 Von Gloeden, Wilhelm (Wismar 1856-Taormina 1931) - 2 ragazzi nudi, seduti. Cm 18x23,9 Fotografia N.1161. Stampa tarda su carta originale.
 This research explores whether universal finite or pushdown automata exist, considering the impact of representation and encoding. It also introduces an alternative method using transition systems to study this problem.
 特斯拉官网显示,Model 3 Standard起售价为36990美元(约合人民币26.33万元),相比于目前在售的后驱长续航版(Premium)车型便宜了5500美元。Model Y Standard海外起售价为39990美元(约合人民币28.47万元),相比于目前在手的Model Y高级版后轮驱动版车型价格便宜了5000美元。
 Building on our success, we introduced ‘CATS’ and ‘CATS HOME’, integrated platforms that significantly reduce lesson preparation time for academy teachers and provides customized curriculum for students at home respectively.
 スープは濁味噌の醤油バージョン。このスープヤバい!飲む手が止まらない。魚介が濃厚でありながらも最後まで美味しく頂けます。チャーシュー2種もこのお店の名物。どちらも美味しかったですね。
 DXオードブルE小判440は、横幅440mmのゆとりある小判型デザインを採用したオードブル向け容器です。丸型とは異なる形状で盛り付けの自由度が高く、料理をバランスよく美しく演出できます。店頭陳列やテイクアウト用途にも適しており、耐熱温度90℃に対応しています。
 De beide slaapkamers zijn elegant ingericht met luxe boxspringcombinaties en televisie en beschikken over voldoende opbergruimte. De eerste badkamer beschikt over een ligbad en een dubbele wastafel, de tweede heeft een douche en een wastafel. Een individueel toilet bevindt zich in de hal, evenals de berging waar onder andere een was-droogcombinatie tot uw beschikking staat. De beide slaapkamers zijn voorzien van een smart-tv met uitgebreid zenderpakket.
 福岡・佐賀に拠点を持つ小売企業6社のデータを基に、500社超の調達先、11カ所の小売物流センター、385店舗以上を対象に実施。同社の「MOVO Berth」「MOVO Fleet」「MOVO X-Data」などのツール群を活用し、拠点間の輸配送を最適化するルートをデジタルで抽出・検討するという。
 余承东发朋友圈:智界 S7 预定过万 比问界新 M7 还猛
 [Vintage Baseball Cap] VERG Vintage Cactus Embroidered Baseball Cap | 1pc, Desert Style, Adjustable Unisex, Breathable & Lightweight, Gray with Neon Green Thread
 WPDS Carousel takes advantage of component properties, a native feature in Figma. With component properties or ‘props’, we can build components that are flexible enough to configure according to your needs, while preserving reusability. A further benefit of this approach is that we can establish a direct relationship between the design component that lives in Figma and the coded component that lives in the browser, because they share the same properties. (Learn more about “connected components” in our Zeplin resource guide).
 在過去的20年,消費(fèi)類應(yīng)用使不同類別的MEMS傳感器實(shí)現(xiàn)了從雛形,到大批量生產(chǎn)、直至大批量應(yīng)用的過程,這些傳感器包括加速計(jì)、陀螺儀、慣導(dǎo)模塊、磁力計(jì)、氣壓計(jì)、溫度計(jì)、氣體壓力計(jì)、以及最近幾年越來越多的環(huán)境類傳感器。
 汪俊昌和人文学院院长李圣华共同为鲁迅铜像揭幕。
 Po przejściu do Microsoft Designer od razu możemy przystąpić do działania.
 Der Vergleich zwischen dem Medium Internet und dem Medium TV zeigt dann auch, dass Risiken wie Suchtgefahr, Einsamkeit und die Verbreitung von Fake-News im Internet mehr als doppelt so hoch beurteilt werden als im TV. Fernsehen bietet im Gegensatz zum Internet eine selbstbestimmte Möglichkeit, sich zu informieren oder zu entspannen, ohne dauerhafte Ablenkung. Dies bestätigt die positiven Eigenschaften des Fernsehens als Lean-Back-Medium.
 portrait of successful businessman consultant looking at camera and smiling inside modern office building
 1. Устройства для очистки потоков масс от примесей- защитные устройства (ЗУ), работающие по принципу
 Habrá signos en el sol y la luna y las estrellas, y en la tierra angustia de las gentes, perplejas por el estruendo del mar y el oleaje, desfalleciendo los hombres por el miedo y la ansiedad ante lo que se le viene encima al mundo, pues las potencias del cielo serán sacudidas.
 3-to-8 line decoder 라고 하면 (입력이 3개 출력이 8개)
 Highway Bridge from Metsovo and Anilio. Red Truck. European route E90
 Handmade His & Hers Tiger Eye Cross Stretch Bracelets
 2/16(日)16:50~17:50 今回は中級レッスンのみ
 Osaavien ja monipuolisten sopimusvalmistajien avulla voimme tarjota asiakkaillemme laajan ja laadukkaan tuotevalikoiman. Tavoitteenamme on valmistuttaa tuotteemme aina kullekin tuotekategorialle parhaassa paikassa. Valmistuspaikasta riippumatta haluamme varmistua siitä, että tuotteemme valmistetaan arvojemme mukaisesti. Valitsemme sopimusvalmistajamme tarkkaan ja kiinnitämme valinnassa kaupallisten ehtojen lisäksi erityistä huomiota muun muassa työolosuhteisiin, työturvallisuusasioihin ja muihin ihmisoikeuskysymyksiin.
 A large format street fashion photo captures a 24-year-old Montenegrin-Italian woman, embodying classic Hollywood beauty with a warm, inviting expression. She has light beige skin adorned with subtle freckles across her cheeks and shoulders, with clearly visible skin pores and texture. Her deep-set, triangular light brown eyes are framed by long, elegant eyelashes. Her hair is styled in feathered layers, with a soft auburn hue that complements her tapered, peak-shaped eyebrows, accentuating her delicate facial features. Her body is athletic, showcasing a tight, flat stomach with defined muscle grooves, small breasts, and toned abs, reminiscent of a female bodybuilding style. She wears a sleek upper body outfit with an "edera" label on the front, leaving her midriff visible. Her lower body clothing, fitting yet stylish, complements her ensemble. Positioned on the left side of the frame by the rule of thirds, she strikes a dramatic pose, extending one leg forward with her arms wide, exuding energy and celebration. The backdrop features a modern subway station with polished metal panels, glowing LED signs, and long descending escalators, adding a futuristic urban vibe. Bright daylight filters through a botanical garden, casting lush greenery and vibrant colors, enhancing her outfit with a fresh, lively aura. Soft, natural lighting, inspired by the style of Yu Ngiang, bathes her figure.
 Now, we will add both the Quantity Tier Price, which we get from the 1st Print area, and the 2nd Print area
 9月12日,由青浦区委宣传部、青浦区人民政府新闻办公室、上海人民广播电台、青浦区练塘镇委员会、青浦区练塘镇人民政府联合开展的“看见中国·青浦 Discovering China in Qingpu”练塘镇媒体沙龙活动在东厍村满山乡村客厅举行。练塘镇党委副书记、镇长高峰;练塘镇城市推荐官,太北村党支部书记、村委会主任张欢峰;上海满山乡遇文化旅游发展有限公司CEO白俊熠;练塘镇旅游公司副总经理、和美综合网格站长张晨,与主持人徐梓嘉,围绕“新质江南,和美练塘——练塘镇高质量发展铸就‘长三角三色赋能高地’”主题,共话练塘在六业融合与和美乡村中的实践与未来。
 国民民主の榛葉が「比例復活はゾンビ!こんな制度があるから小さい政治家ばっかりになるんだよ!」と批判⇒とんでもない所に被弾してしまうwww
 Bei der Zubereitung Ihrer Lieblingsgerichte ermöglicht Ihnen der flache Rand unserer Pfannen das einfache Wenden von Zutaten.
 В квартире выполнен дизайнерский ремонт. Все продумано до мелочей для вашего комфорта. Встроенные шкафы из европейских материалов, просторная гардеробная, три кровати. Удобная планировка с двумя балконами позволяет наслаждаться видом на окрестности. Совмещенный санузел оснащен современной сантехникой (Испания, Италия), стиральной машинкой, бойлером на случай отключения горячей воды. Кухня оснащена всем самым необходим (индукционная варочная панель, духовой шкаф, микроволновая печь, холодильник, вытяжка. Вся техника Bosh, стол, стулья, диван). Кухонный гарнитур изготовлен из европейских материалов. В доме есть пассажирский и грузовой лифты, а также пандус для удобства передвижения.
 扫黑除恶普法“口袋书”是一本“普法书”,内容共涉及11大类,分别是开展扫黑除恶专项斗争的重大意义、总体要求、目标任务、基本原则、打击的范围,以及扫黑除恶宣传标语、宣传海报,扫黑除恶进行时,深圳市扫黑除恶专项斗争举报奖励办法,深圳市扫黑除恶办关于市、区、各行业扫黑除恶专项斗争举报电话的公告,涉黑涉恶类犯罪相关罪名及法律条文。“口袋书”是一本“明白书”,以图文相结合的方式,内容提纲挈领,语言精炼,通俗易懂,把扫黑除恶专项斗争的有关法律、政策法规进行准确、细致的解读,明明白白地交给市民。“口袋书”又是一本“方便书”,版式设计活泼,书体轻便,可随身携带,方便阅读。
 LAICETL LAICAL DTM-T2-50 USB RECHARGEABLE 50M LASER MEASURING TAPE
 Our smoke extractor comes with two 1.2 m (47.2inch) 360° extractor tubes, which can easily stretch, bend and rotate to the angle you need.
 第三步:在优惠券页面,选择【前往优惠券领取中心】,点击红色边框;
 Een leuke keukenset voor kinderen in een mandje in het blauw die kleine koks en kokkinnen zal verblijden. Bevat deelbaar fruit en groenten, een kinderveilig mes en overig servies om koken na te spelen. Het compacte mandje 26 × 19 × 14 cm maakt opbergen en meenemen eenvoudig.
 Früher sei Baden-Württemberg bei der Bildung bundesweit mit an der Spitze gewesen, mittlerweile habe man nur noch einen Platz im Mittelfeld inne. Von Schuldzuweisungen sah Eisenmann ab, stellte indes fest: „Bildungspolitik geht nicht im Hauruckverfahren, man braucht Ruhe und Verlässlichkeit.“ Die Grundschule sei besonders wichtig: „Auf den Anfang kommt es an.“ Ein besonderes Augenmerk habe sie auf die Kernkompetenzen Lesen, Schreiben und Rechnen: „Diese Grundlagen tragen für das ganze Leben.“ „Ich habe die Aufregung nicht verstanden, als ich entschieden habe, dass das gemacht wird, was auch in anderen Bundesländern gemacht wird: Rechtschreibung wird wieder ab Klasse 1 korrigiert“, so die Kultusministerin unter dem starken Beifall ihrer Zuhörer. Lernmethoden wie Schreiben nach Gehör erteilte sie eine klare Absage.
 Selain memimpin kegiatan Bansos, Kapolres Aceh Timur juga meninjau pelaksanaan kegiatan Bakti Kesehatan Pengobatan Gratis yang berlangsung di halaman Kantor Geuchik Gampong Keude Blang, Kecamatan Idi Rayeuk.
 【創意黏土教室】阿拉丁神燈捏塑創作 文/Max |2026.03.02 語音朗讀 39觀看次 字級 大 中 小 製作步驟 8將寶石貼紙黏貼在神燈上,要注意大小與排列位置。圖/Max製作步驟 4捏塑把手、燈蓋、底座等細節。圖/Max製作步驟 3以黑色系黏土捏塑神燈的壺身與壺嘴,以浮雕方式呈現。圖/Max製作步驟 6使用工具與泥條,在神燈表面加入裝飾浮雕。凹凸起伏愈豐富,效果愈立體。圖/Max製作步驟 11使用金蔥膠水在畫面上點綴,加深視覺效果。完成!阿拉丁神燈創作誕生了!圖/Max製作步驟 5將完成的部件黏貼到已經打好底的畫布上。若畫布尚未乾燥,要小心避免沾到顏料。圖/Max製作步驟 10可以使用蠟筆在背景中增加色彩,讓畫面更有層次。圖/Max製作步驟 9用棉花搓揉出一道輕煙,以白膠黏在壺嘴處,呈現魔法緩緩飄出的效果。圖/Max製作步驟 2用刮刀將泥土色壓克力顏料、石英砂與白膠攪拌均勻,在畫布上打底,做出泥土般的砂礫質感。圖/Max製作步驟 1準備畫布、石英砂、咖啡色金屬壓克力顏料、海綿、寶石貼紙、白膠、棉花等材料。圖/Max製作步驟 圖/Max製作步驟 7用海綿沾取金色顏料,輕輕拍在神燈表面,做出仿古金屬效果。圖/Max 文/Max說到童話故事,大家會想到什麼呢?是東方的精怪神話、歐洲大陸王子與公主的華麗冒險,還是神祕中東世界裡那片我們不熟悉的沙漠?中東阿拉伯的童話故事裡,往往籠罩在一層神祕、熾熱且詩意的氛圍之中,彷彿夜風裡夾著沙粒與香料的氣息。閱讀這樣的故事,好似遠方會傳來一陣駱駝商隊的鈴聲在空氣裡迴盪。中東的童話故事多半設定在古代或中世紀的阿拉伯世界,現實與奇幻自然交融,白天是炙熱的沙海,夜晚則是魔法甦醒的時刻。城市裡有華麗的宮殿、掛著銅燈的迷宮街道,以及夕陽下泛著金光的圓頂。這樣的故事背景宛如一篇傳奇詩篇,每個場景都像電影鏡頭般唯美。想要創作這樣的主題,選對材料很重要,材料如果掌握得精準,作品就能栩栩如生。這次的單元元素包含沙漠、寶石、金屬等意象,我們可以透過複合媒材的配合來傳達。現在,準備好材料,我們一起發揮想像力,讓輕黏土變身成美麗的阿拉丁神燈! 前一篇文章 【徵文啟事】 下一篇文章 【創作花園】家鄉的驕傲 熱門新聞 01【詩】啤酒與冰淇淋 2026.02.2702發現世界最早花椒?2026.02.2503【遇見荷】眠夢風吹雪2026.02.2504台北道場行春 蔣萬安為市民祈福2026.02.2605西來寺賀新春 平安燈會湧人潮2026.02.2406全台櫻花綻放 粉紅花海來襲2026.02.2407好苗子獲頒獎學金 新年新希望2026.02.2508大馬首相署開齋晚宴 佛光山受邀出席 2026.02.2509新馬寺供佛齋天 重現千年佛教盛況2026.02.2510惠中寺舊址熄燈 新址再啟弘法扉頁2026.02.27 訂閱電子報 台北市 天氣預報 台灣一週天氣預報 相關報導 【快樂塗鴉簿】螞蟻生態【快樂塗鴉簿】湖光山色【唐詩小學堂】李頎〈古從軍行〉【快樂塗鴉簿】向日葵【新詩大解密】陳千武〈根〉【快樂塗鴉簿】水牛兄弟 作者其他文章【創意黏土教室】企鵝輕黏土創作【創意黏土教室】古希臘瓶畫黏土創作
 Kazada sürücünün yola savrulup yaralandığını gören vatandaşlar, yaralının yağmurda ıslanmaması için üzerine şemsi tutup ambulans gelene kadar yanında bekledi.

•••••

Go through the material and copy every line in which the word "from" occurs.

Answer to this exercise:
 Highway Bridge from Metsovo and Anilio. Red Truck. European route E90
 Now, we will add both the Quantity Tier Price, which we get from the 1st Print area, and the 2nd Print area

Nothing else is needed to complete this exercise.